Die Menschen in Lateinamerika greifen zunehmend auf digitale Informationsquellen zurück, darunter auch Chatbots mit künstlicher Intelligenz. Allerdings vertrauen sie den Nachrichten nicht, neigen dazu, sie zu meiden, und zahlen nicht für die Informationen, auf die sie zugreifen, so der Bericht über digitale Nachrichten im Jahr 2025. Für diesen Bericht des Reuters-Instituts der Universität Oxford wurden im Januar und Februar dieses Jahres 12.149 Personen aus Argentinien, Brasilien, Chile, Kolumbien, Mexiko und Peru befragt.
Zugang zu Informationen
Im Durchschnitt informieren sich acht von zehn Nutzern online, sechs von zehn tun dies über soziale Netzwerke, 46 % sehen Nachrichten im Fernsehen, 15 % lesen gedruckte Zeitungen und 10 % suchen Nachrichten in KI-Chatbots wie ChatGPT und Claude. Diese Anteile zeigen, dass der Konsum im Internet, einschließlich sozialer Netzwerke, unverändert blieb und bei KI-Suchmaschinen um 4 Prozentpunkte zunahm, wo sich vor einem Jahr nur 6 % der Befragten informierten. Dagegen ging er bei analogen Plattformen leicht zurück: Vor einem Jahr nutzten 48 % das Fernsehen zur Nachrichtenbeschaffung und 16 % gedruckte Zeitungen.

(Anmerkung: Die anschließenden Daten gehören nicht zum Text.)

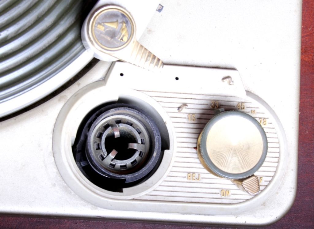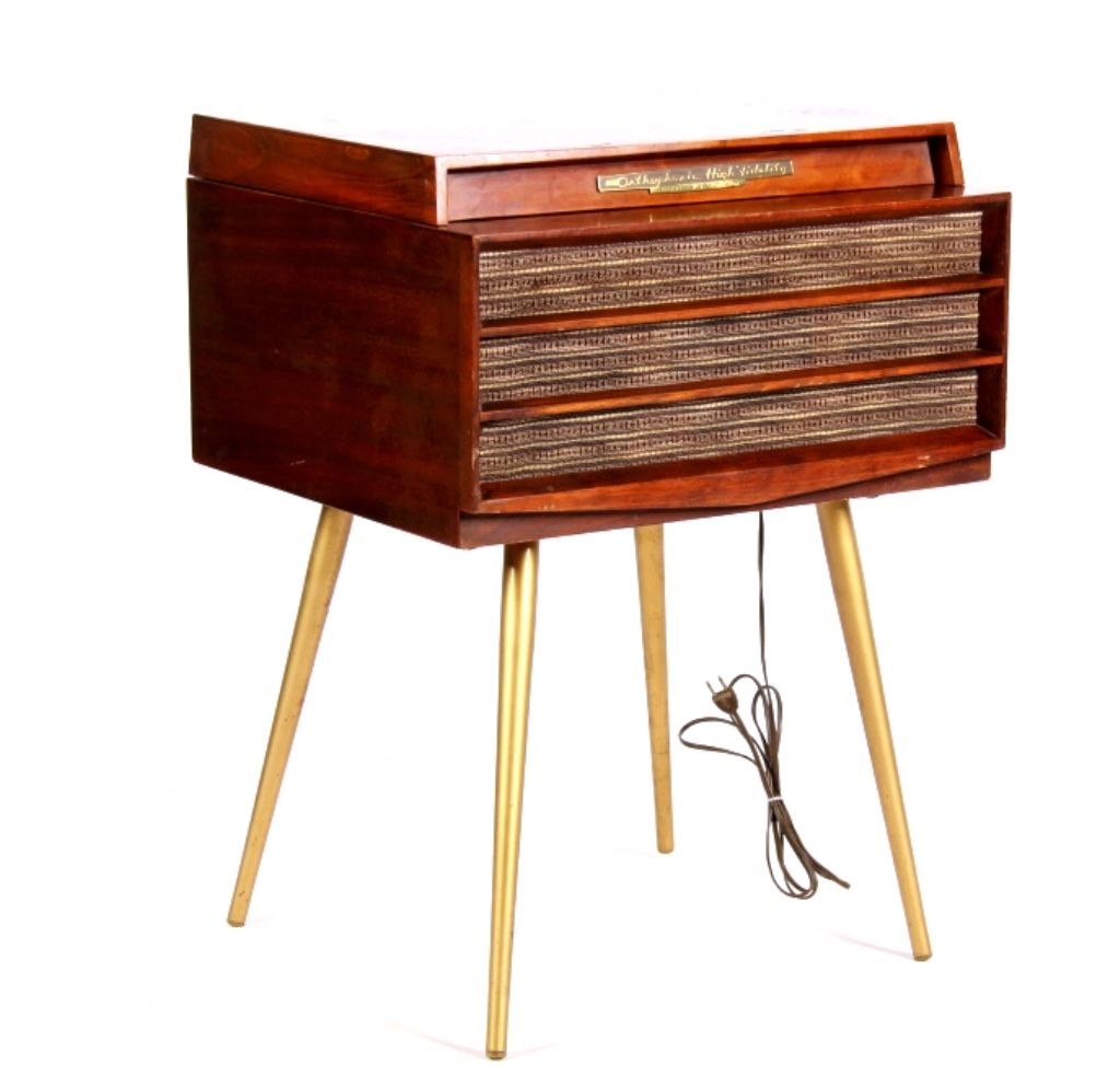 This lot features an RCA phonograph and cabinet. The cabinet is made of solid wood. The phonograph does work, but may need to be serviced with regard to the speed. It measures 20" x 19" and is 28" tall.
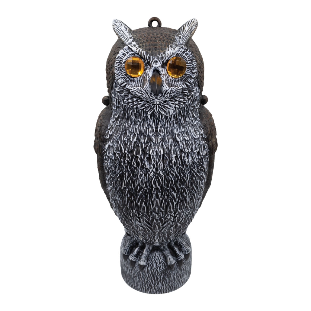 The Sparkle Sentinel Owl is a realistic predator decoy designed to discourage the presence of nuisance birds and animals. Its detailed, textured body and reflective eyes create a lifelike appearance that may help reduce pest activity in certain areas.

Vertrauen in die Nachrichten
Das Vertrauen in die Informationen ist seit 2025 in allen lateinamerikanischen Ländern gesunken. Nur 31 % der Befragten vertrauen den Nachrichten meistens, verglichen mit 36 % vor einem Jahr. Diese Werte sind weltweit die niedrigsten: Im Vergleich dazu liegen sie bei 54 % in Afrika, 38 % in Asien und Ozeanien und 36 % in Europa. Das Land mit dem höchsten Vertrauen in die Nachrichten ist Brasilien (36 %), die niedrigsten Werte weisen Argentinien und Kolumbien auf (26 % bzw. 25 %). Das geringe Vertrauen könnte die Neigung erklären, Nachrichten häufig oder manchmal zu meiden, was 45 % der Nutzer tun, sowie den geringen Anteil an Personen, die für die Nachrichten bezahlen, auf die sie online zugreifen. Im Durchschnitt zahlen nur 13 % in der Region für Informationen im Internet, wobei die Spanne von 10 % in Argentinien und Chile bis zu 15 % in Kolumbien und Mexiko reicht. Die Bereitschaft, für journalistische Online-Inhalte zu zahlen, ist in den nordeuropäischen Ländern am höchsten, wo 29 % der Nutzer ein Abonnement haben.
Plattformen bleiben vorerst die wichtigste Quelle für den Zugang zu Online-Informationen, obwohl keine von ihnen mehr als die Hälfte der Befragten erreicht. Im Durchschnitt nutzen 48 % der Befragten Facebook und 39 % WhatsApp, um Nachrichten zu erhalten, während YouTube und Instagram von 36 % bzw. 34 % der Befragten genutzt werden und 28 % über TikTok auf Informationen zugreifen.
Diese Daten zeigen, dass das Publikum in Lateinamerika Informationen online abruft, Nachrichten jedoch tendenziell misstraut, sich manchmal oder häufig nicht informiert und nur ungern für Nachrichteninhalte bezahlt. Das Vertrauen ist im Vergleich zu anderen Regionen der Welt gering und hat im letzten Jahr deutlich abgenommen. Der Trend zu sinkendem Vertrauen, verbunden mit der Vermeidung von Nachrichten und einer geringen Zahlungsbereitschaft, stellt die Rolle der Nachrichtenmedien in den Demokratien Lateinamerikas in Frage.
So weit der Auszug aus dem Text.